In determining how much a group deserves, we need to consider marginal utility: would we actually improve campus by funding The Bridge better and giving less to KZSU? I think so. Most groups, if given extra money, could scale up their value to campus fairly well. You might argue that The Bridge would have no use for an extra $20,000 because it has always budgeted for much less. But in the current Special Fees system, it is precisely the most important, longest-lasting groups that are the most conservative with their requests. It’s very difficult for them to gauge the maximum amount that 50% of voters are willing to pay, and nobody wants to be the Financial Officer who killed The Bridge. So, we can’t interpret The Bridge’s past budgets to suggest that the organization would have no use for extra funds.
Likewise, many groups could survive on less money, although they wouldn’t admit it. KZSU could probably survive as an online-only radio station for $20,000 per year, thereby freeing up $61,338 to distribute among other groups. The Stanford Daily could halve its print distribution in a crunch and free up $89,500 for other groups. While we all would feel bad “taking” money from these groups, we should be comforted by knowing that StanShakes and Jazz Orchestra, for example, would benefit immensely from a few thousand extra dollars, just a small portion of these savings.
You may disagree with me on particular examples, but that’s precisely the point. We all have different ideas of what’s best for campus. No single person or group of people knows best.
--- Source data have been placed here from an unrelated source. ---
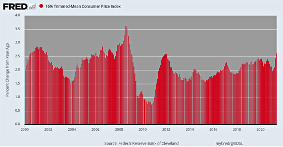 But with the 8% highest and 8% lowest prices dropped out monthly to filter out the short-run noise, the 16% trimmed mean version of the CPI at least purports to be a fixed basket price index, not a variable weight deflator like the Fed’s beloved PCE deflator.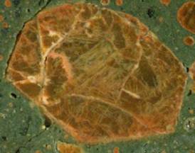 phenocryst (crystal is 9.5 mm across) in blairmorite from Blairmore, Alberta,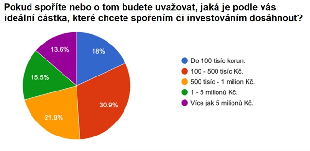 Aktuální průzkum Ipsos ukazuje, že 31 % mladých chce naspořit mezi 100 a 500 tisíci korun, 18 % stačí našetřit dokonce jen do 100 tisíc. Další téměř čtvrtina (22 %) cílí na částku mezi půl milionem a milionem korun. Přes milion chce mít jen necelých 30 % mladých, spoření velkých částek je pro ně zatím nepředstavitelné, těžko realizovatelné a vlastně i zbytečné.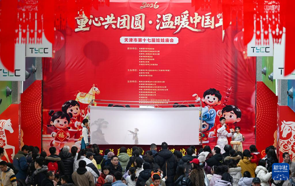 1月24日,天津市第十七届娃娃庙会在天津市少年儿童活动中心热闹开街。本届庙会以“童心共团圆 温暖中国年”为主题,设有非遗手工艺制作、津味非遗美食品鉴、游戏互动等活动,吸引了众多家长和儿童到场体验,感受年味和传统民俗文化的魅力。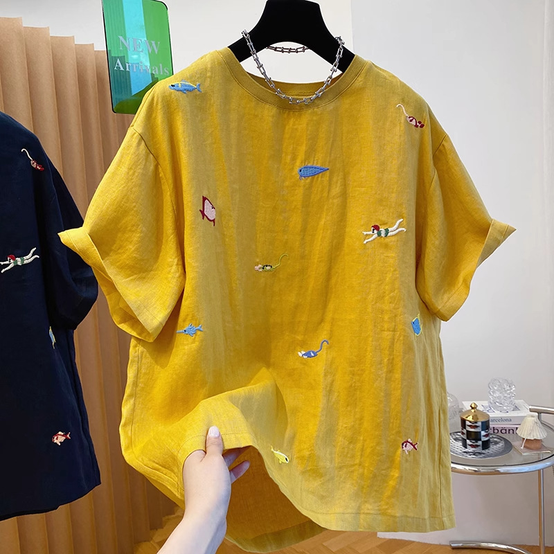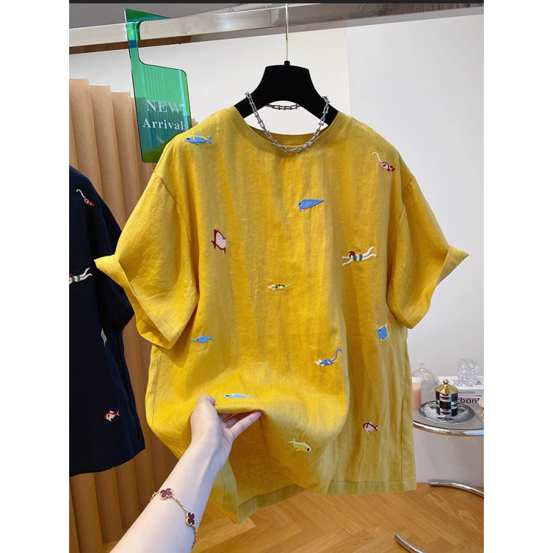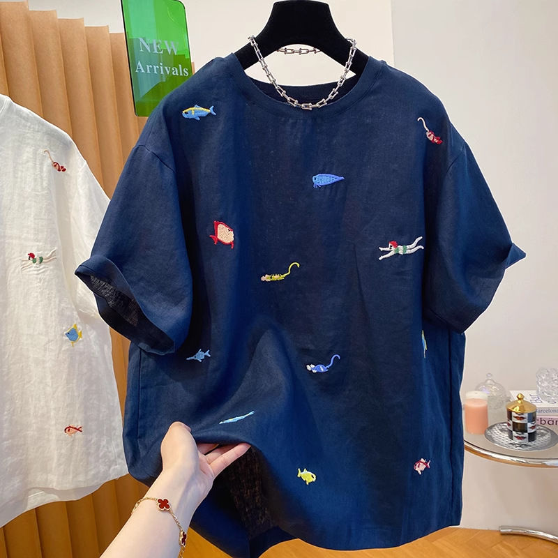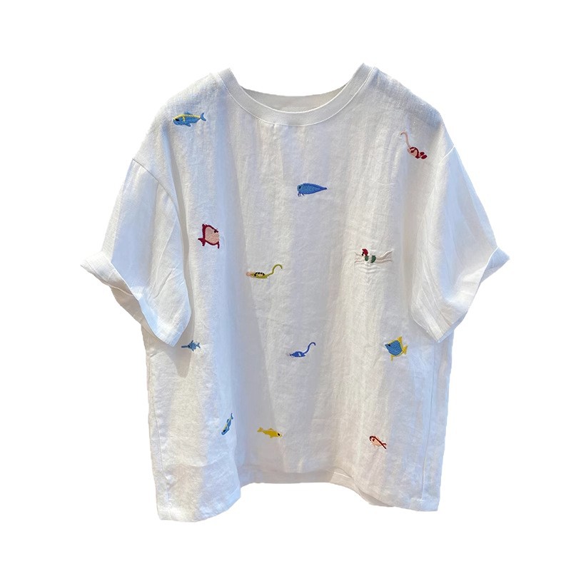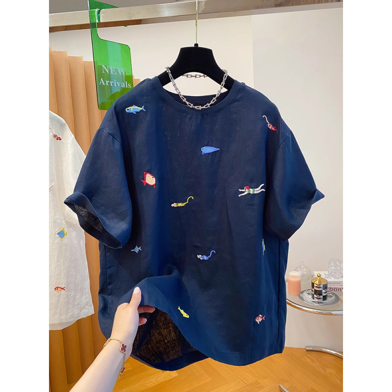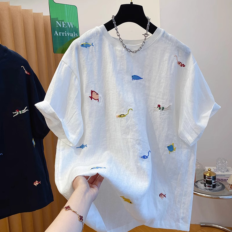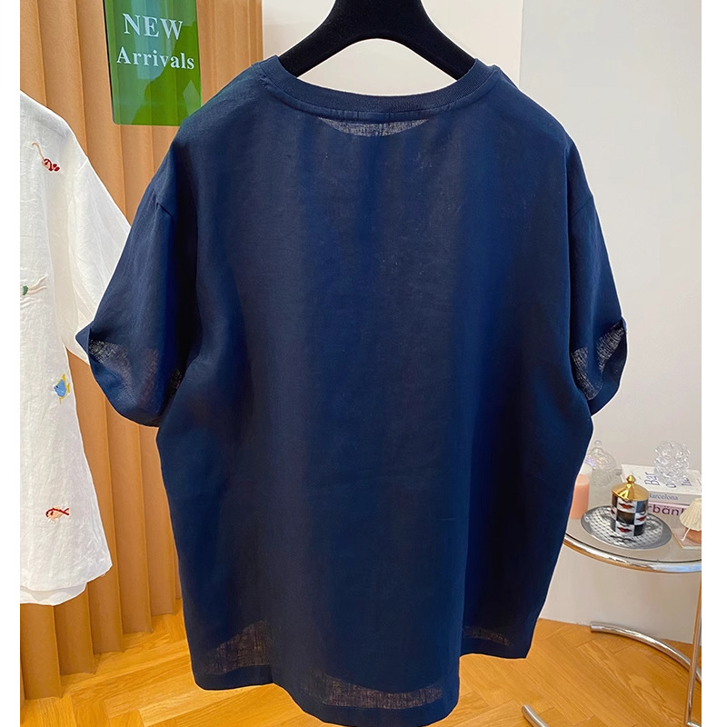 Главная страница > Официальное изображение, элегантная белая футболка из хлопка и льна, женская футболка с короткими рукавами, новинка 2025 года, свободный пуловер в европейском стиле, летний топ из хлопка и льна с круглым вырезом

That’s precisely why funding is decided by us students — so that our campus activities scene reflects what the student body actually wants, not what well-intentioned Fos and ASSU senators guess we want.
So, you’ve made a list of groups and rough estimates of how much money they deserve. These amounts are probably different from what the groups themselves are requesting. That’s to be expected. You have imperfect information about groups’ capabilities, and the groups have imperfect information about the actual value they provide to campus. If anything, your guesses are better. You’re more likely to consider what groups can realistically do with extra money than groups are to accurately assess which of their activities are the best use of students’ money.
Now, vote however you want. That isn’t important. Then next year, refund from groups that got more than they deserve, and donate to groups that deserve more so that each group gets exactly what you think it deserves. But to really make this work, we must transition to a voucher-based funding system, such as the Activity Vouchers scheme I have proposed in the past. In the meantime, however, doing this will let you say you truly support student activities.